Can we always find an analytic function if we know countable points? I hope to find an analytic function such that $f(n)=b_{n}$, $n\in \mathbb{N}$?
Can we always take an analytic function $f$?
 A: Yes, you can find such a function.
We can do it inductively. Start with $f_0(x) = 0$, the constant function. For convenience, let $h_n$ be a polynomial with $h_n(m) = 0$ for $m < n$ and $h_n(n) = 1$.
Suppose you have $f_n$ constructed for some $n$ so that $f_n(m) = b_m$ for $m < n$. We want to construct $f_{n+1}$. Let $N$ be a (huge) integer, which we will determine shortly. Consider the map $g_n(x) = (b_n - f_n(n)) (x/n)^N h_n(x)$. It is clear that $g_n(m) = 0$ and $g_n(n) = b_n - f_n(n)$. Define $f_{n+1} := f_n + g_n$; then $f_n(m) = b_m$ for $m < n+1$. Now, let use determine how large $N$ is supposed to be. We would like $|g_n(x)| < 2^{-n}$ for $|x| < n-1$. This will hold if $N$ is so large that $\left(\frac{n-1}{n}\right)^N \cdot \max_{|x| < n-1} (b_n - f_n(n)) h_n(x) < 2^{-n}$, but we don't want to describe $N$ in any more explicit way.

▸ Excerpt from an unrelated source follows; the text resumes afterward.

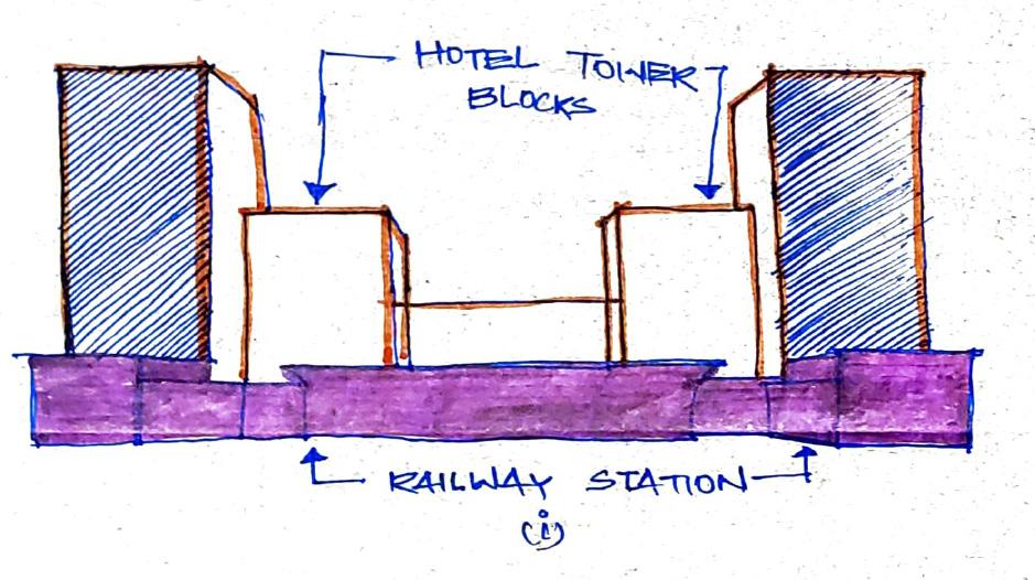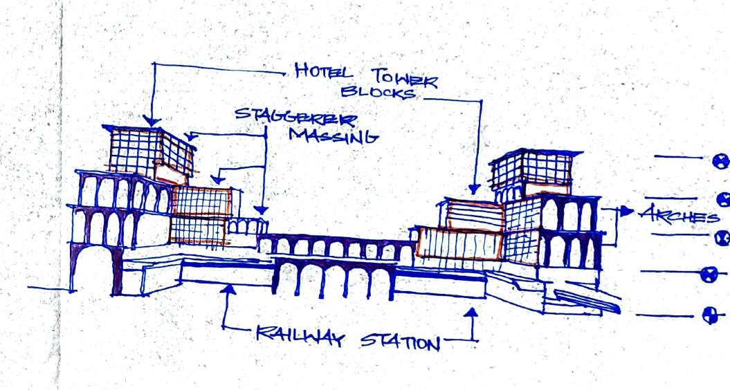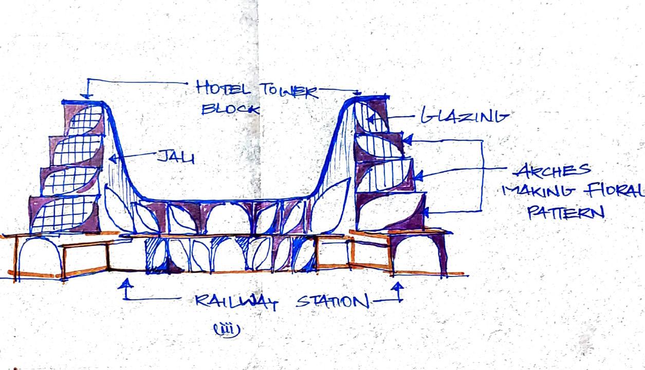 The Agra Cantt Railway Station Hotel Tower project involved the architectural design of hotel towers, integrating traditional elements reflecting the cultural identity of Agra. This design option drew inspiration from Udaipur’s architectural language, particularly its iconic arches, which influenced both the staggered massing of the building and the façade treatment. The design harmoniously blends traditional aesthetics with modern functionality, showcasing Agra’s heritage through its architectural features.

Now, $f_n$ is uniformly convergent on compact sets, and all $f_n$ are analytic. It follows that their limit, call it $f$, is analytic as well. And clearly $f(m) = b_m$ for all $m$. 
A: Yes. As a consequence of Weierstrass's and Mittag-Leffler's theorems, for any
sequences $a_n$ and $b_n$ with $a_n$ distinct and $|a_n| \to \infty$ as $n \to \infty$ there is an entire function $f$ with $f(a_n) = b_n$.